Case Name: Jazz Pharms., Inc. v. Avadel CNS Pharms., No. 2023-1186, 2023 WL 2198640 (Fed. Cir. Feb. 24, 2023) (Circuit Judges Lourie, Reyna, and Taranto presiding; Opinion by Lourie, J.) (Appeal from D. Del., Williams, J.)
Drug Product and Patent(s)-in-Suit: Xyrem® (sodium oxybate); U.S. Patent No. 8,731,963 (“the ’963 patent”)
Nature of the Case and Issue(s) Presented: FDA approved Xyrem for the treatment of cataplexy and excessive daytime sleepiness. The active ingredient in Xyrem is sodium oxybate, a form of gamma-hydroxybutyrate, which is subject to abuse. For this reason, Xyrem is subject to a Risk Evaluation and Mitigation Strategies (“REMS”) protocol. Jazz’s ’963 patent, which was Orange-Book listed, claims a computer-implemented system to address certain FDA-required REMS conditions for using Xyrem. Jazz listed the ’963 patent on the basis that it claims a method of using Xyrem. In response to Jazz’s infringement allegations, Avadel counterclaimed, seeking an order requiring Jazz to delist the ’963 patent for failure to claim a drug or method of use. The district court found that, as a matter of claim construction, the ’963 patent claimed a system—not a method of use—and ordered Jazz to delist the ’963 patent from the Orange Book. The Jazz appealed that decision and the Federal Circuit affirmed.

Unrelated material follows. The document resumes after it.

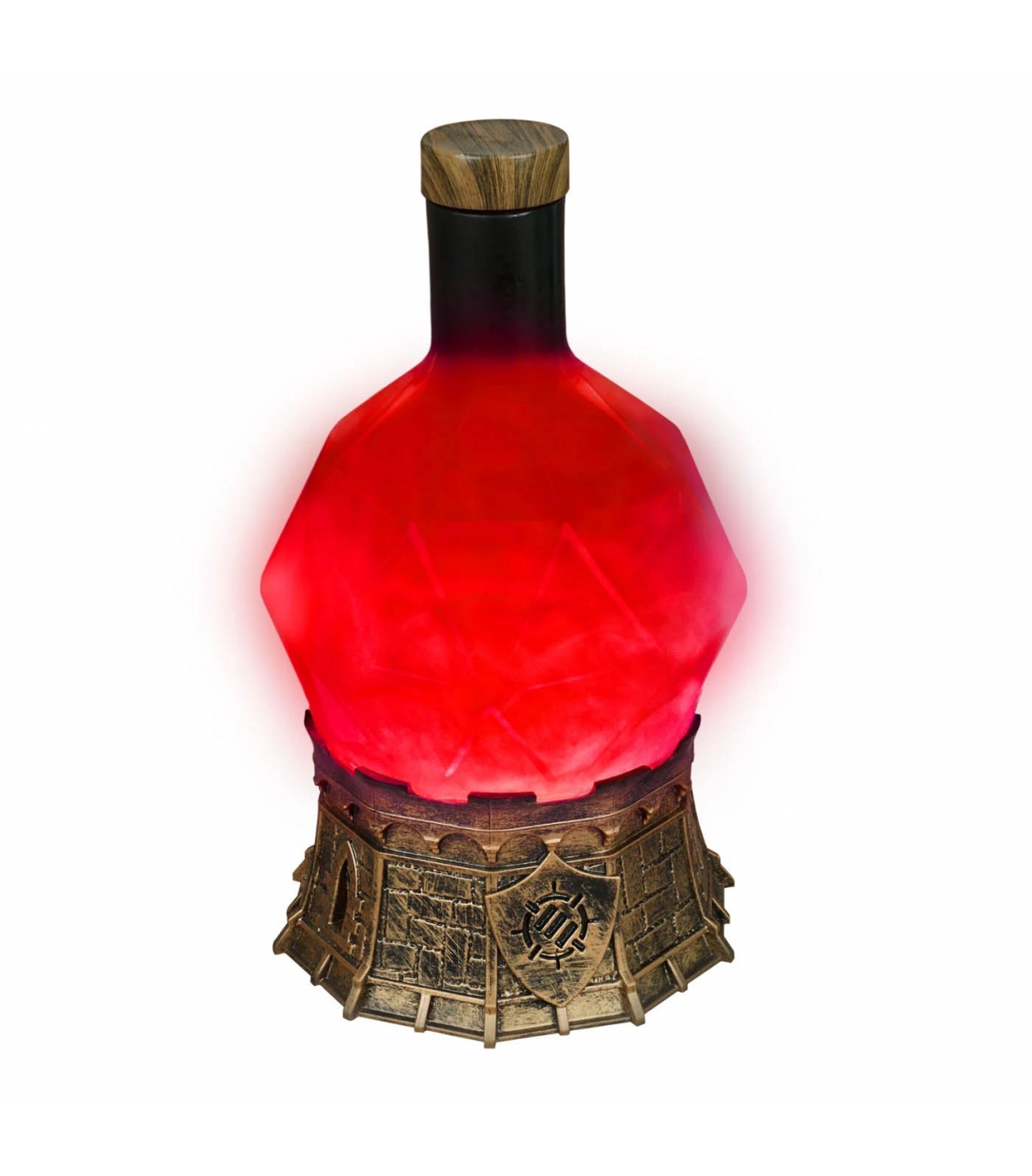 Lámpara de ambiente con forma de poción mágica, perfecta para crear atmósferas inmersivas en partidas de rol. Efecto visual de remolino rojo brillante que simula una mezcla encantada en agitación constante. Funciona con 3 pilas AAA o cable USB-C (no incluidos), ideal para transportar o decorar cualquier espacio de juego. Diseño con base de castillo medieval y botella inspirada en dado D20. Dimensiones: 21,5 × 16,5 × 16,5 cm. Producto ideal para tiendas de hobby, juegos de mesa y regalos temáticos.
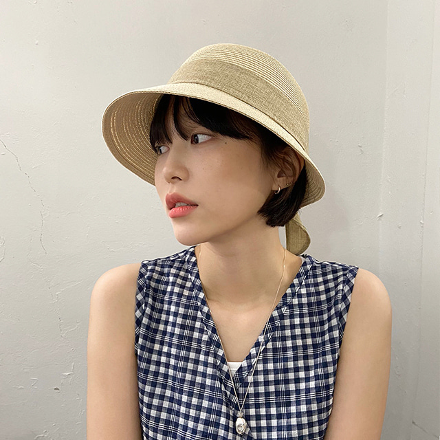 심플 린넨 리본 밀짚 페도라 버킷햇

Why Avadel Prevailed: The Federal Circuit first addressed whether the district court erred in its determination that the ’963 patent was not a method-of-use patent. Jazz argued that the ’963 patent recited elements of a REMS-based protocol that ensure that Xyrem can be safely prescribed by doctors and safely used by patients, meaning that although the patent claims a “system,” it is essentially a method claim. But the Federal Circuit found that each independent claim recited “an assemblage of components” defining a system and that Jazz cited nothing in the intrinsic record to support a conclusion that the ’963 patent claims a method of use.
Jazz next argued that 21 C.F.R. § 314.53—which describes Orange-Book listing patents that “claim conditions of use”—provides a broader definition of “method” than is permitted under patent law and that this broader definition encompasses the claims of the ’963 patent. The Federal Circuit disagreed with Jazz and concluded that § 314.53 did not broaden the term “method” in such a way that reciting a condition of use could turn a system patent into a listable method-of-use patent. In so concluding, the Federal Circuit rejected Jazz’s assertion that Chevron deference should apply, explaining that even if the regulation was ambiguous—it was not—FDA has not definitively answered the question of whether REMS patents should be listed in the Orange Book.
Jazz finally argued that 21 U.S.C. § 355(c)(3)(D)(ii)(I) did not provide Avadel a remedy to delist the ’963 patent. In particular, Jazz argued that in 2014, when it listed the ’963 patent, the relevant regulatory framework neither required nor forbid listing of the patent. The Federal Circuit disagreed with Jazz’s framing of the question and concluded that the delisting statute did not require the court to consider whether Jazz violated the law by listing the patent, but instead only needed to answer whether Avadel could request an order delisting the patent. The Federal Circuit concluded that such a remedy was available to Avadel.